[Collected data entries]
.....
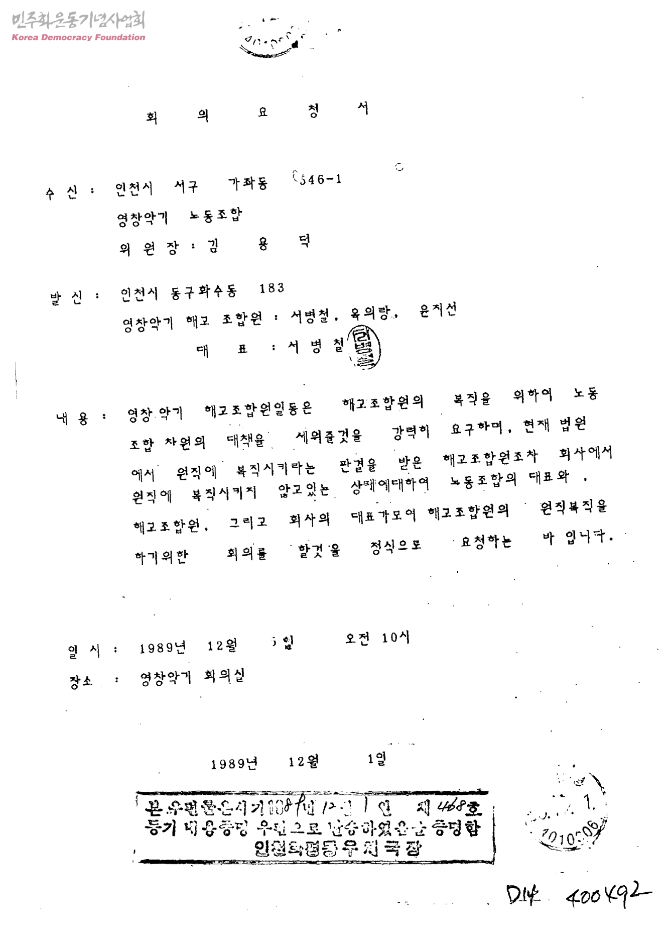 회의요청서-해고조합원 원직복직 관련[수신:영창악기노동조합, 발신:영창악기해고조합원 서병철,옥의랑,윤지선]
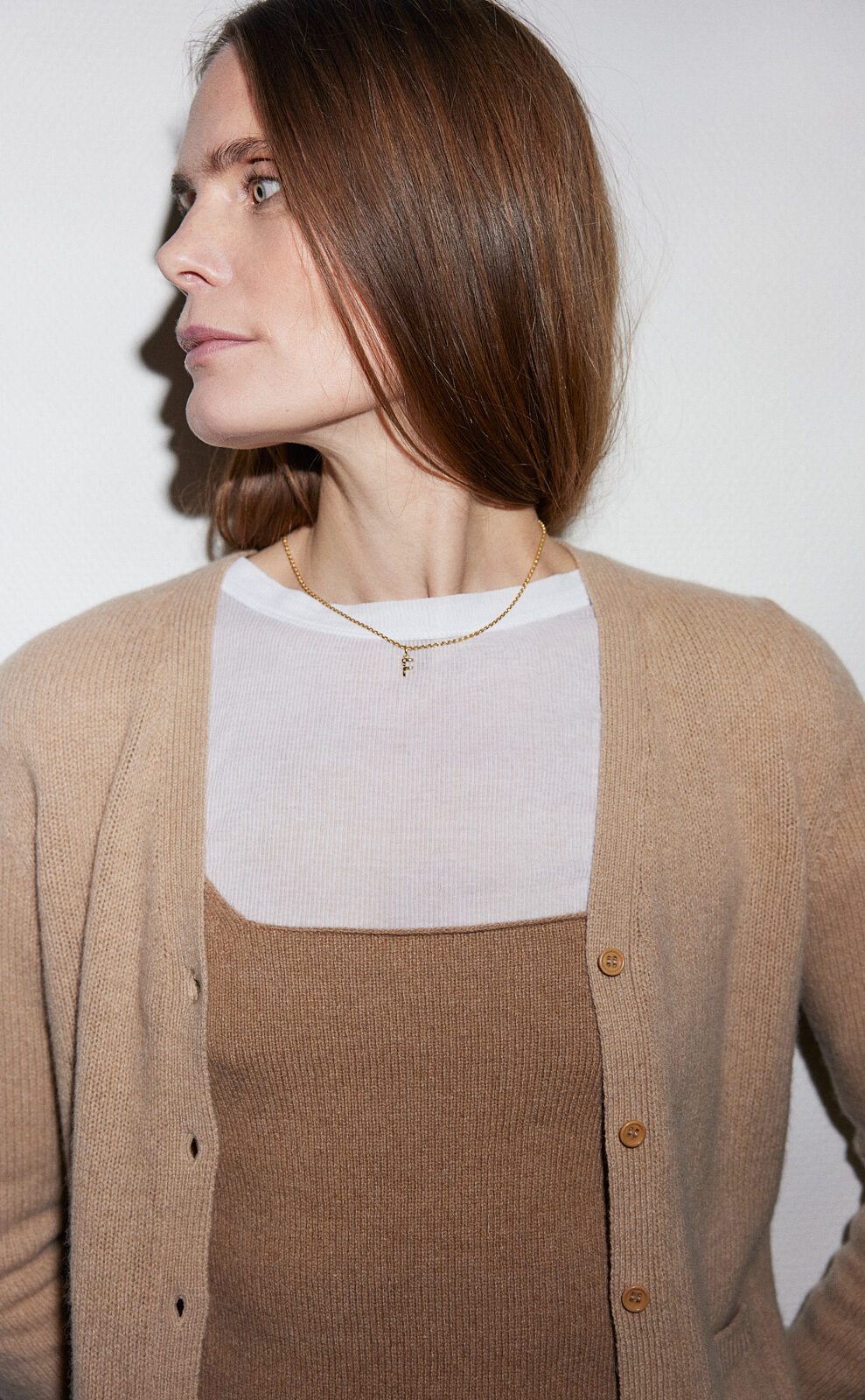 Milan v-neck cardigan comes in a slim fit with corozo nut buttons, made in soft recycled cashmere.
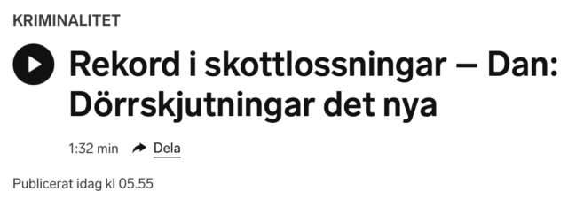 Den här veckan är det Dan Windt, biträdande enhetschef vid utredningsenheten i polisregion Väst, som har medverkat i statsradion och berättat för svenska folket att skottlossningar i trapphus och villaområden är den nya metoden bland gängkriminella.
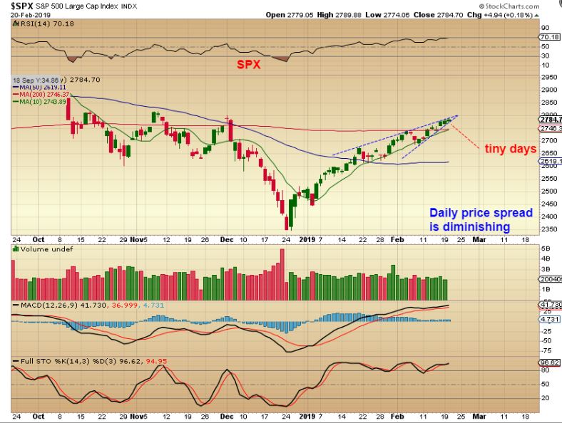SPX – Price is pinching tighter and this could be forming a short term bearish wedge if it doesn’t break out higher very soon.
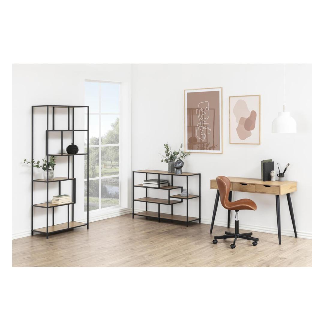 Riiul SEAFORD 77x35xH185cm, metsik tamm/must, mööbliplaat, metall
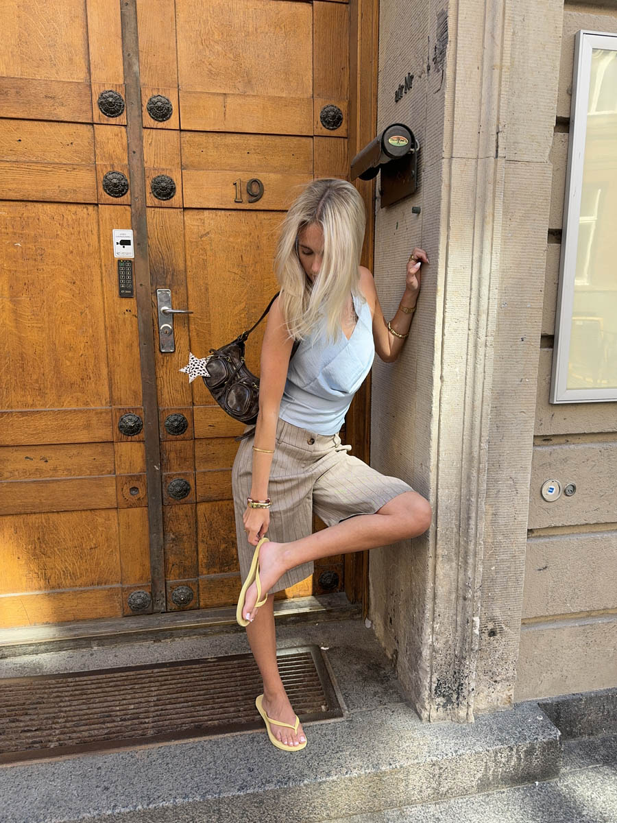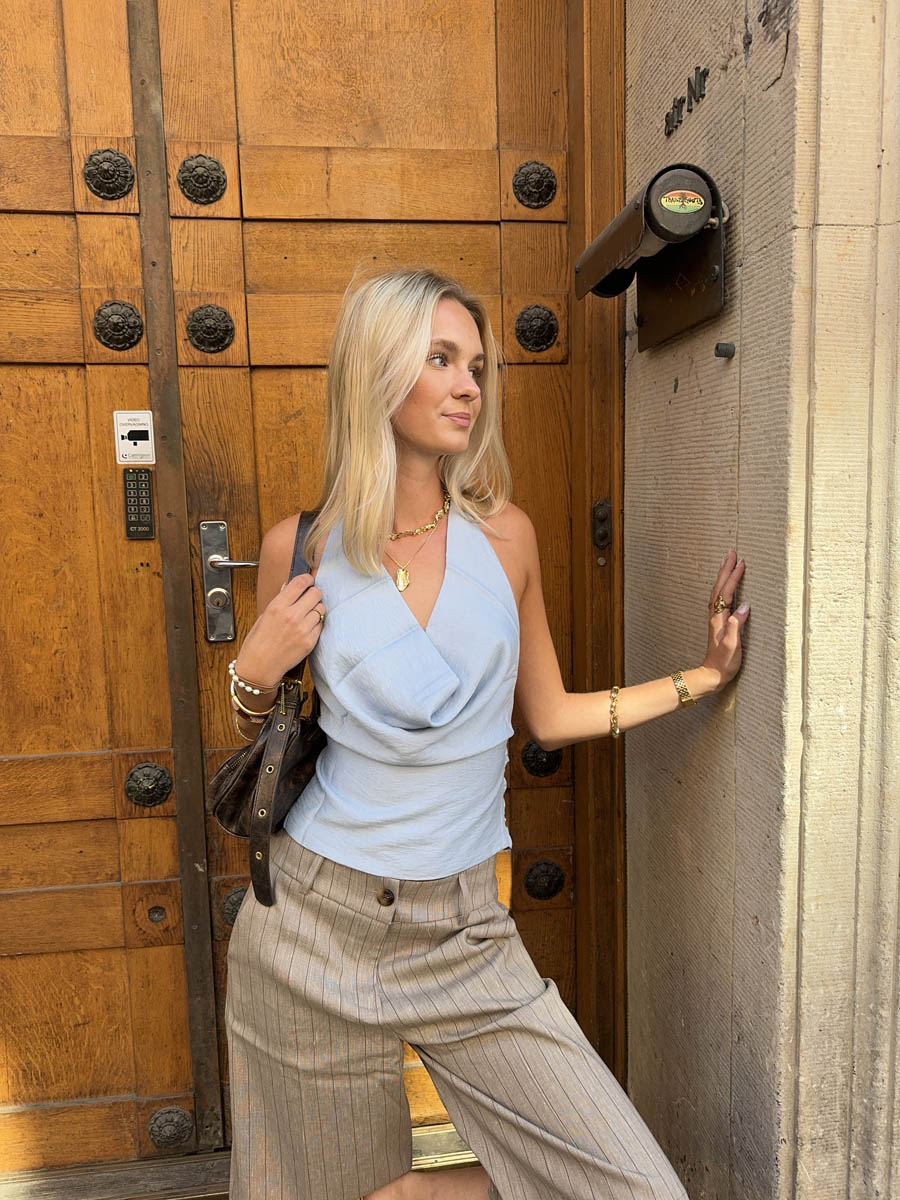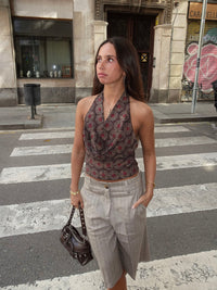This halterneck top combines an eye-catching circle pattern with a flattering, body-hugging fit. The halterneck design leaves the back open for a feminine and airy look. The top is perfect both for everyday wear and as a statement piece for summer events.
.....
> **What to do**
From the line with "Den här veckan" down to the final line of the entries above, repeat each line exactly; omit the pictures.

> **Solution to this problem**
 Den här veckan är det Dan Windt, biträdande enhetschef vid utredningsenheten i polisregion Väst, som har medverkat i statsradion och berättat för svenska folket att skottlossningar i trapphus och villaområden är den nya metoden bland gängkriminella.
SPX – Price is pinching tighter and this could be forming a short term bearish wedge if it doesn’t break out higher very soon.
 Riiul SEAFORD 77x35xH185cm, metsik tamm/must, mööbliplaat, metall
This halterneck top combines an eye-catching circle pattern with a flattering, body-hugging fit. The halterneck design leaves the back open for a feminine and airy look. The top is perfect both for everyday wear and as a statement piece for summer events.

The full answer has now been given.